|Coordinates||34°28′21″N 139°17′38″E / 34.47250°N 139.29389°E|
|Area||0.4 km2 (0.15 sq mi)|
|Length||1,500 m (4900 ft)|
|Width||550 m (1800 ft)|
|Highest elevation||210 m (690 ft)|
Udone-shima (鵜渡根島) is a volcanic, deserted island located in the Philippine Sea approximately 150 kilometres (93 mi) south of Tokyo in between Toshima and Nii-jima, in the northern portion of the Izu archipelago, Japan.
The island is the remnant of an andesite lava dome with sheer sides, the only visible portion of a submarine volcanic caldera. The above sea-level portion has a surface area of approximately 0.4 square kilometers, with a summit height of 210 metres (690 ft). The main island is surrounded by a number of rocks.
Despite its small size, the island was formerly inhabited during the Meiji period by a small community of fishermen who also engaged in sericulture. A small Shinto shrine still exists on the island.

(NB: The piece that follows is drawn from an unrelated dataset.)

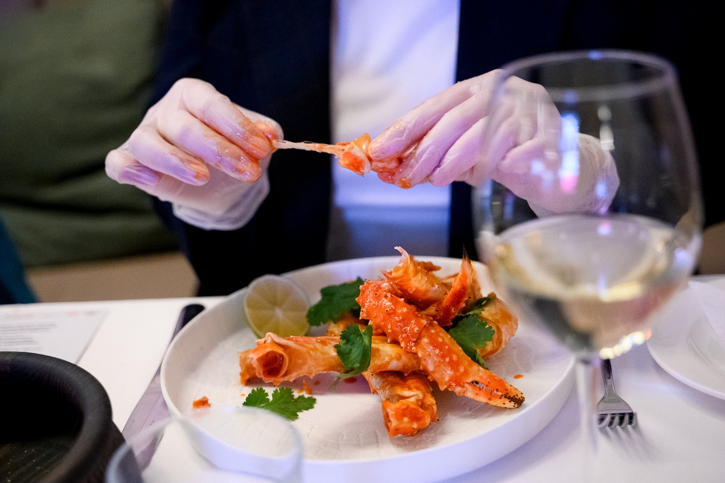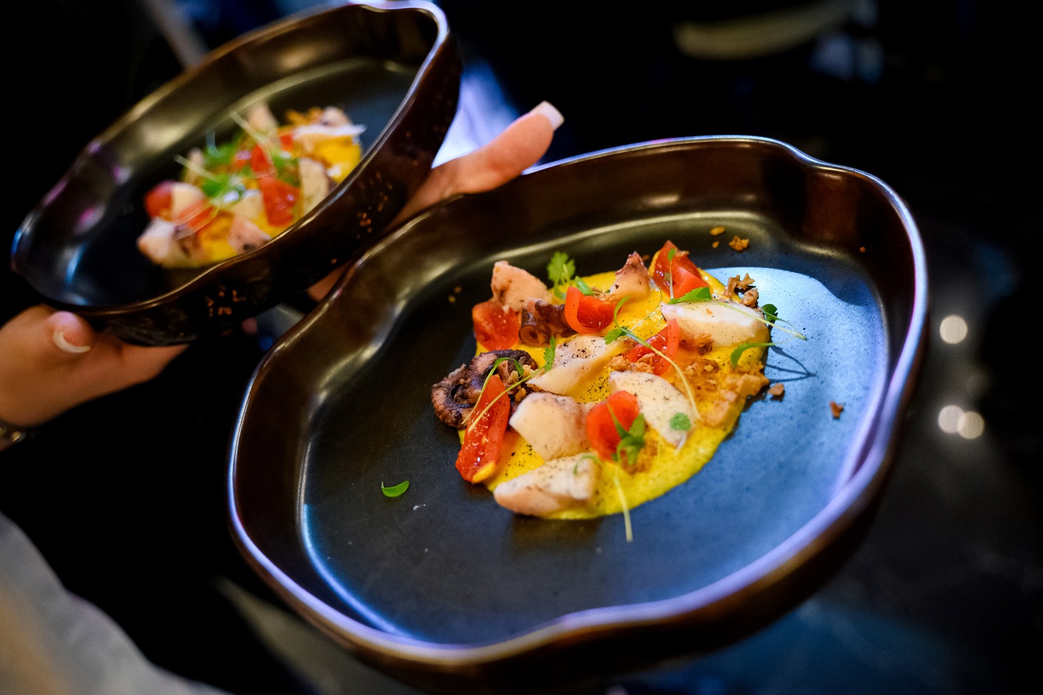 Гостям вечера представили меню из 6 курсов: осьминог с перечным соусом кимчи, приморской гребешок с клубникой и соусом манго, подкопчённый палтус, краб. Шоковая заморозка позволила сохранить морепродукты в свежем виде, а уникальная рецептура и умелые руки поваров превратили их в кулинарные шедевры. Каждая подача сопровождалась напитками от гастрономического клуба Gusto***.

This island shares many similarities in its biodiversity in common with neighboring islands such as Nii-jima. Being surrounded by rough sea, vicinity to the island is rather difficult to visit in fact, and this made the natural environments of the islands and nearby atolls protected. Indo-Pacific bottlenose dolphins that newly inhabited around Udone-shima as their residential range has been expanded wider even onto Honshu coasts. Larger sharks inhabit the area. Historically, a breeding colony of now-extinct Japanese sea lions once existed on the island as well.